Problem description.
Leave out the pictures and repeat exactly the lines from the one containing "คนรวยรวยขึ้น คนจนยิ่งจนลง ในช่วงสามทศวรรษ" through the final line of the listing below.

::::

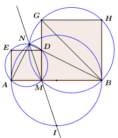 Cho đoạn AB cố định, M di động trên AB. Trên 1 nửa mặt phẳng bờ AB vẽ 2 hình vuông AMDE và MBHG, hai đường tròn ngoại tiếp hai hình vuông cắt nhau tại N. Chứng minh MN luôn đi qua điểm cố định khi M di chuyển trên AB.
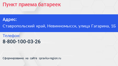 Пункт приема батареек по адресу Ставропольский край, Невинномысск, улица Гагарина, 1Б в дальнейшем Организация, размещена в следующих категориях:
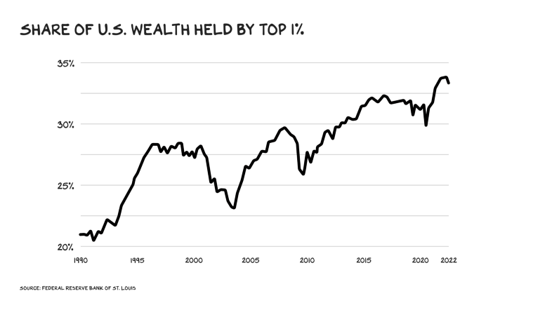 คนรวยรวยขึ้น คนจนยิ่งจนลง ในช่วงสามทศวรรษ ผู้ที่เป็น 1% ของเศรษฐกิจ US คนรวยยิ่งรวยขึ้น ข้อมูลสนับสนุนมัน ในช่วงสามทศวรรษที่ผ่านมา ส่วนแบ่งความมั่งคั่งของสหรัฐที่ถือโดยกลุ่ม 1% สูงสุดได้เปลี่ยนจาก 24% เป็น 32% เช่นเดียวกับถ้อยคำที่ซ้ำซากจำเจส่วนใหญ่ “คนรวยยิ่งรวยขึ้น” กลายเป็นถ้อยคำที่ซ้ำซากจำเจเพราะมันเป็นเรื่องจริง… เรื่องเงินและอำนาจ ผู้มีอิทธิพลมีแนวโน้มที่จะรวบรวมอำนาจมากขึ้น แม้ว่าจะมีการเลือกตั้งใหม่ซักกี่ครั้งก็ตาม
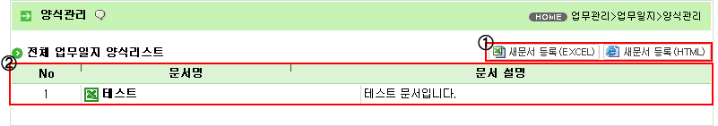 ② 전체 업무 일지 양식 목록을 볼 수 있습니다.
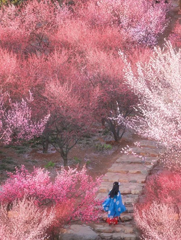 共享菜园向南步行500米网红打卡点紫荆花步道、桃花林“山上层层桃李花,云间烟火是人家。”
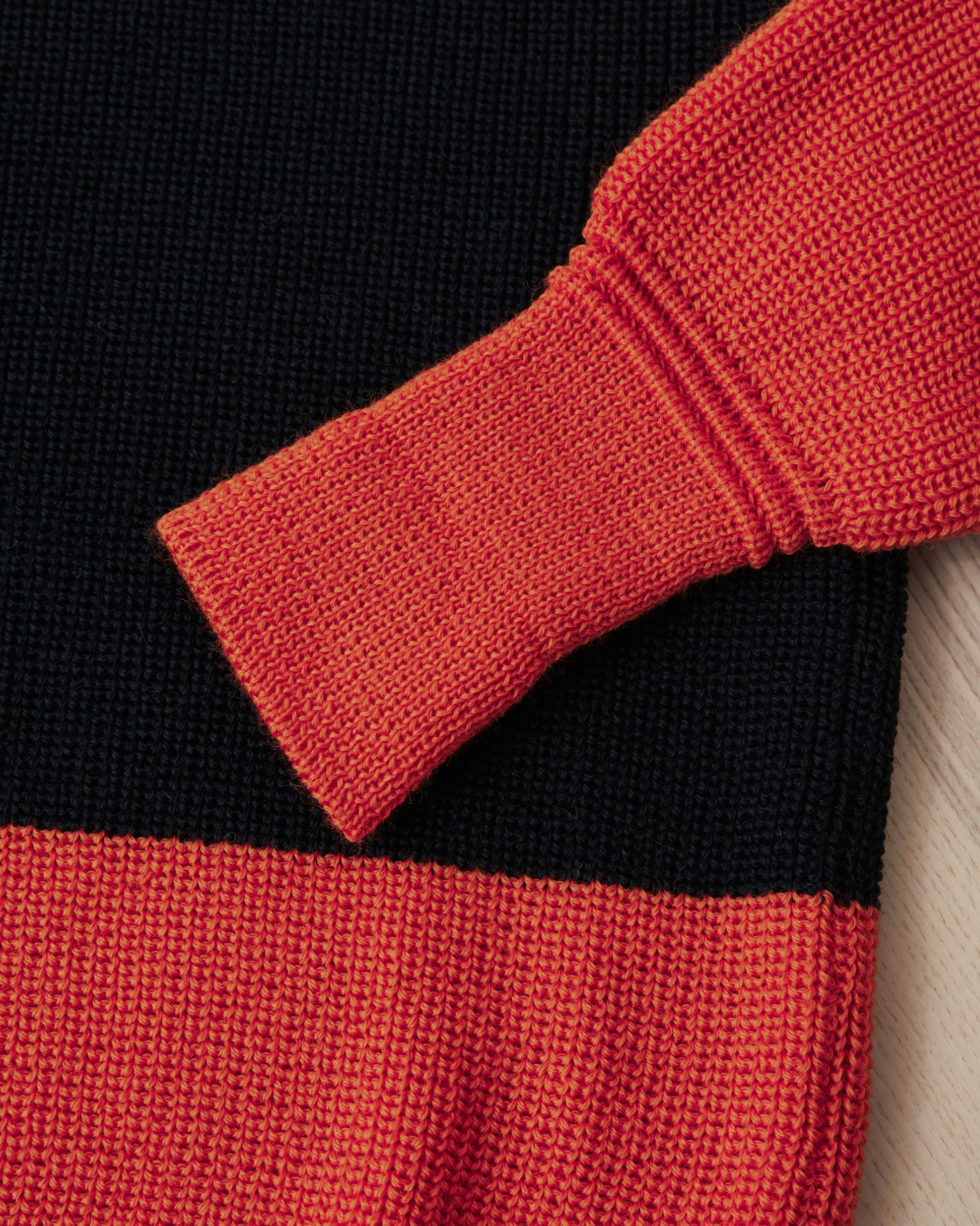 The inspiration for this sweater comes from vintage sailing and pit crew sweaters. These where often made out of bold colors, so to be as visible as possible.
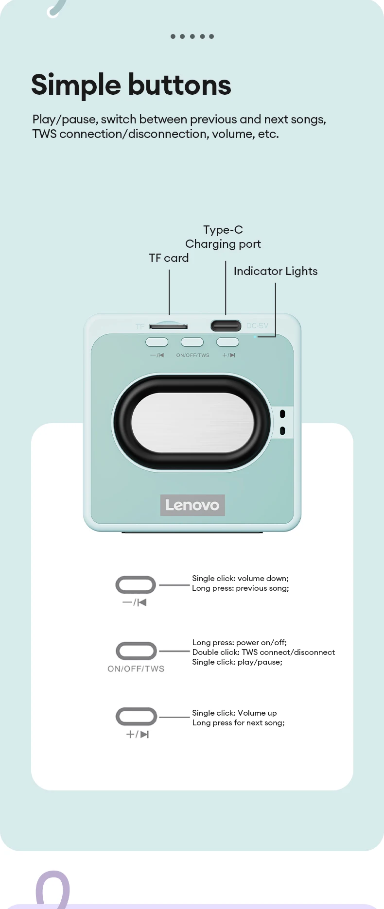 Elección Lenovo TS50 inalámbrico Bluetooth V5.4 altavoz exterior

::::

Solution to this exercise.
 คนรวยรวยขึ้น คนจนยิ่งจนลง ในช่วงสามทศวรรษ ผู้ที่เป็น 1% ของเศรษฐกิจ US คนรวยยิ่งรวยขึ้น ข้อมูลสนับสนุนมัน ในช่วงสามทศวรรษที่ผ่านมา ส่วนแบ่งความมั่งคั่งของสหรัฐที่ถือโดยกลุ่ม 1% สูงสุดได้เปลี่ยนจาก 24% เป็น 32% เช่นเดียวกับถ้อยคำที่ซ้ำซากจำเจส่วนใหญ่ “คนรวยยิ่งรวยขึ้น” กลายเป็นถ้อยคำที่ซ้ำซากจำเจเพราะมันเป็นเรื่องจริง… เรื่องเงินและอำนาจ ผู้มีอิทธิพลมีแนวโน้มที่จะรวบรวมอำนาจมากขึ้น แม้ว่าจะมีการเลือกตั้งใหม่ซักกี่ครั้งก็ตาม
 ② 전체 업무 일지 양식 목록을 볼 수 있습니다.
 共享菜园向南步行500米网红打卡点紫荆花步道、桃花林“山上层层桃李花,云间烟火是人家。”
 The inspiration for this sweater comes from vintage sailing and pit crew sweaters. These where often made out of bold colors, so to be as visible as possible.
 Elección Lenovo TS50 inalámbrico Bluetooth V5.4 altavoz exterior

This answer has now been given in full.